> _DATA SECTION_:
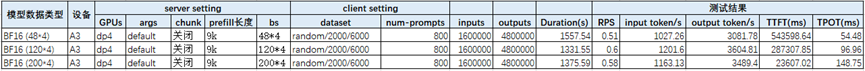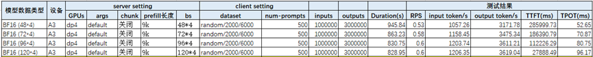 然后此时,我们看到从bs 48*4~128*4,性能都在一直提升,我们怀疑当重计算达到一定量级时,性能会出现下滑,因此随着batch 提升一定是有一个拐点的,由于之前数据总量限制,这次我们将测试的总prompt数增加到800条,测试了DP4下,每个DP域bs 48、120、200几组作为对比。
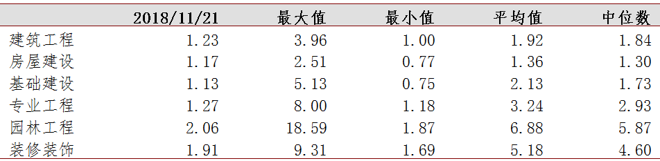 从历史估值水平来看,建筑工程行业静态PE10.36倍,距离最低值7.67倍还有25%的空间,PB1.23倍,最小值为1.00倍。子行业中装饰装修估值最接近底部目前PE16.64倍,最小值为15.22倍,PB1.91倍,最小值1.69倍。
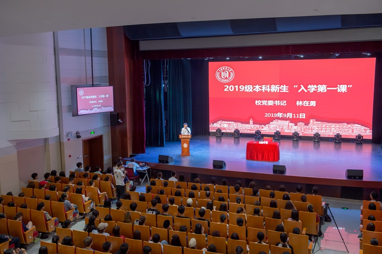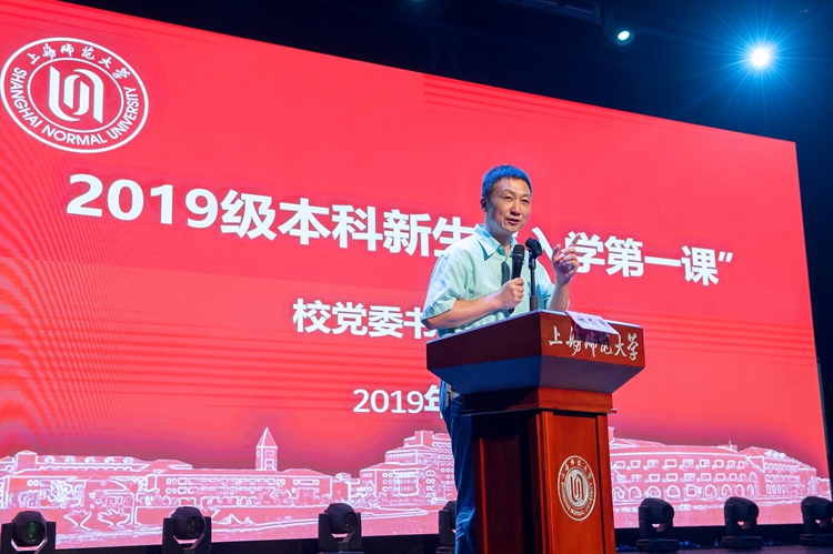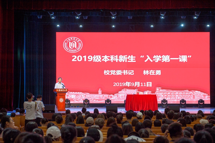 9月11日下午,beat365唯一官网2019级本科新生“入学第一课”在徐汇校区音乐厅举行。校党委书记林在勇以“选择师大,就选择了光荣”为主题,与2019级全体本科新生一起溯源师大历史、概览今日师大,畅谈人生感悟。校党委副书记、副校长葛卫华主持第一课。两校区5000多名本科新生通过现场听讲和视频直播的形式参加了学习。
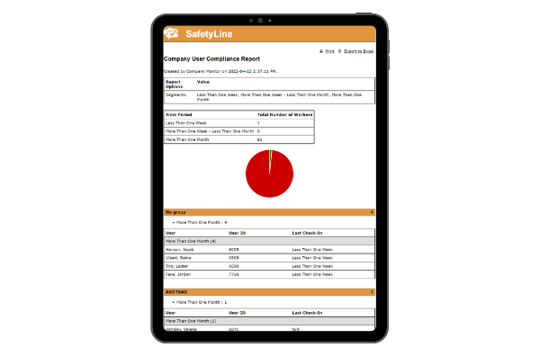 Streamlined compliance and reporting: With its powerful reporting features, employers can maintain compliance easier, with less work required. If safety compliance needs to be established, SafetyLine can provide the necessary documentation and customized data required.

> _WHAT IS EXPECTED_: All lines from the one containing "9月11日下午,beat36" through the end of the data are to be written out exactly, with nothing added; skip the pictures.

> _SOLUTION FOR THIS EXERCISE_:
 9月11日下午,beat365唯一官网2019级本科新生“入学第一课”在徐汇校区音乐厅举行。校党委书记林在勇以“选择师大,就选择了光荣”为主题,与2019级全体本科新生一起溯源师大历史、概览今日师大,畅谈人生感悟。校党委副书记、副校长葛卫华主持第一课。两校区5000多名本科新生通过现场听讲和视频直播的形式参加了学习。
 Streamlined compliance and reporting: With its powerful reporting features, employers can maintain compliance easier, with less work required. If safety compliance needs to be established, SafetyLine can provide the necessary documentation and customized data required.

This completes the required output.